Later on that day I make my way into central London and Leicester Square. I'm expecting the cinema where Jess and I are having our 'meet-up' to be one of the big ones that you see on TV when the Brits have a premiere with the stars in attendance. There's none in the vicinity by the name of the Prince Charles though, and I struggle to find a local to ask, the place being heavy with tourists mooching about.
Spotting a couple of mounted police officers slowly making their way through the square, I mosey up to them with the intention of asking for directions.
"Hi," I say to them, hamming up my American accent on noting they're both female - like it makes a difference to me getting anywhere with them. "Could you ladies direct me to the Prince Charles Cinema please?"
While they look at each other to see if one knows more than the other, I check out their garb. I'm always intrigued to see female Police officers, and the novelty of the foreign informs makes the notion even more sexy. That's aside from the fact that this two are in equestrian gear: form fitting jodhpurs, leather boots in stirrups, not to mention their strong legs straddling a beast.
Turns out London's finest aren't totally sure, but think it's - "Leicester Place; just round the corner," - saying so in a Cockney accent which reminds me of Katie. I'm sure Katie would appreciate their charms too.
"Thanks," I say obligingly, and start to head round the corner to the confusingly similar named Leicester place.
That's when I see Jess walking over with a slightly worried look on her face. "Hey. What's with the Police?'
"Oh I just needed directions," I reply.
"Oh, no problem," she says, looking relieved. "So its just over this way" - taking my arm and directing me.
"Its not one of the big ones," she tells me. "More an indie kinda art house place. I'm told the building originally functioned as a theatre, but after a short period supporting the dramatic arts, the venue was reinvented as a porn cinema."
"And now its an art-house cinema?" I muse.
"Yes, they show a lot of contemporary world cinema, as well as golden oldies and even sing-a-long movies like the Rocky Horror show."
"So what are they showing tonight?" I ask, all raised eyebrows highlighting my worry at the prospect of a singalong.
"Well something a bit edgy," she replies. "You'll have to wait and see. I won't spoil it for you."
This is indeed a little gem of a theater tucked away around the corner of the busy square, with the entry a reasonable price. It also has a bar with stools, much like a genuine English bar.
"So what's your poison Patrick? My turn, given that you just bought the tickets."

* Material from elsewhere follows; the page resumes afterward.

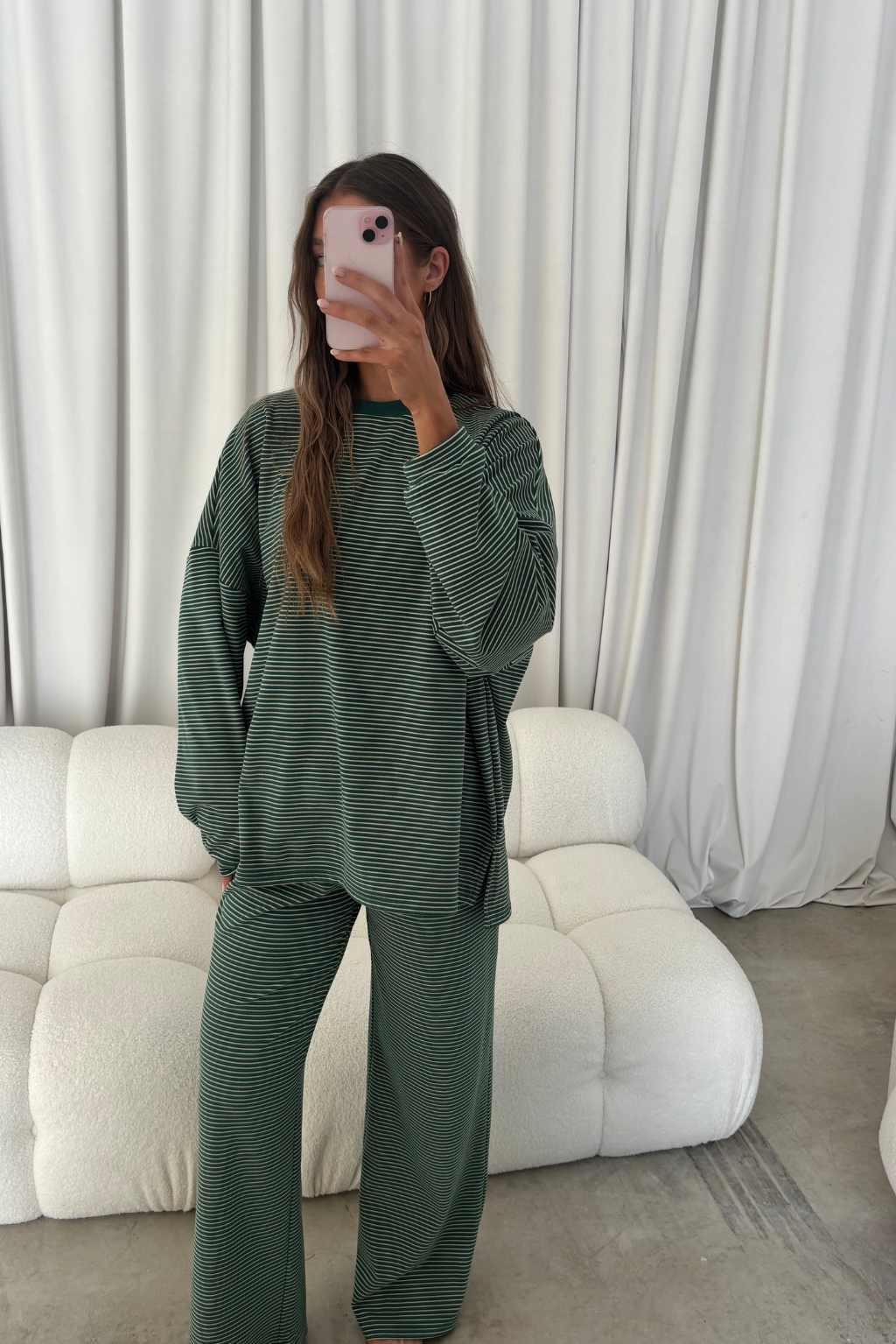 Naomi Striped Fleece Oversized Long Sleeve Top in Forest Green

I read recently that it's all about wine and wasabi peas at these kind of places so deviate from my usual Irish whisky and opt instead for a - "White wine please? Sav blanc?" - while omitting the wasabi peas.
It's three deep at the bar but Jess works some kind of dark magic to turn back to me sharpish with "a crisp New Zealand Marlborough for the gentleman."
"Thanks," I say, on her handing the wine glass to me. Despite her assertions on the quality of the wine, she herself has gone for some kind of masculine looking cocktail in a hi-ball glass, albeit with a straw.
"You're welcome," responds Jess.
She's wearing black leather gloves as usual, and again I take pleasure in seeing one of the seemingly ubiquitous garments stretched tight and shiny around a hand gripping her glass. The other secures the straw through seductively pursed bright red lips.
"You must be feeling the cold here huh?"I ask as we perch ourselves on bar stools, nodding in reference to her never seemingly removing her gloves. Not that I'm complaining of course.
She mulls it over while sucking on the straw, her face a mask of concentration. But before able to explain, is interrupted by an abrupt call from behind her.
"Ellow?.. Patrick?.." - a loud and unexpected announcement, the words taking a moment to register, arriving as they do with a strong London accent.